Elles ne sont pas justifiables, même en période de conflit

Les coupures générales d’internet sont considérées comme contraires au droit international des droits de l’homme. En juin 2016, le Conseil des droits de l’homme des Nations Unies a adopté une résolution condamnant les coupures de réseaux et autres restrictions intentionnelles d’accès, qualifiées de violations du droit international des droits de l’homme.

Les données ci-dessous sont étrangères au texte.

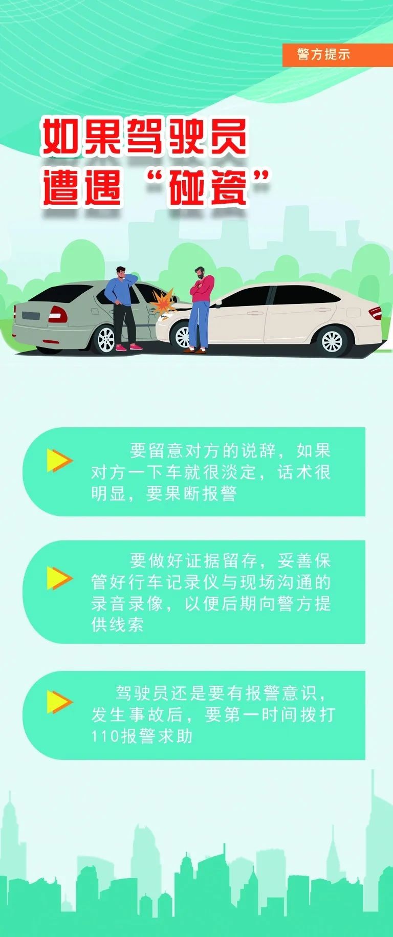 如果遭遇“碰瓷”该如何面对?李京给广大驾驶员提出建议,首先,要留意对方的说辞,如果对方一下车就很淡定,话术很明显,要果断报警;其次,要做好证据留存,妥善保管好行车记录仪与现场沟通的录音录像,以便后期向警方提供线索;最后,驾驶员还是要有报警意识,发生事故后,要第一时间拨打110报警求助。

En novembre 2016, la Commission africaine des droits de l’homme et des peuples a publié une déclaration affirmant que les coupures d’internet ne sont pas justifiables, en vertu du droit international des droits de l’homme, même en période de conflit. Les Principes sur la liberté d’expression et le respect de la vie privée du Global Network Initiative (GNI) vont dans le même sens.

Principes directeurs des Nations unies

Les entreprises de télécommunications ont la responsabilité de respecter les droits de l’homme. Pour ce faire, elles doivent se conformer, entre autres, aux Principes directeurs des Nations Unies relatifs aux entreprises et aux droits de l’homme, qui sont le document de référence, auquel on pourrait ajouter le Guide d’application de ces mêmes Principes directeurs destiné au secteur des nouvelles technologies de l’information et de la communication (TIC).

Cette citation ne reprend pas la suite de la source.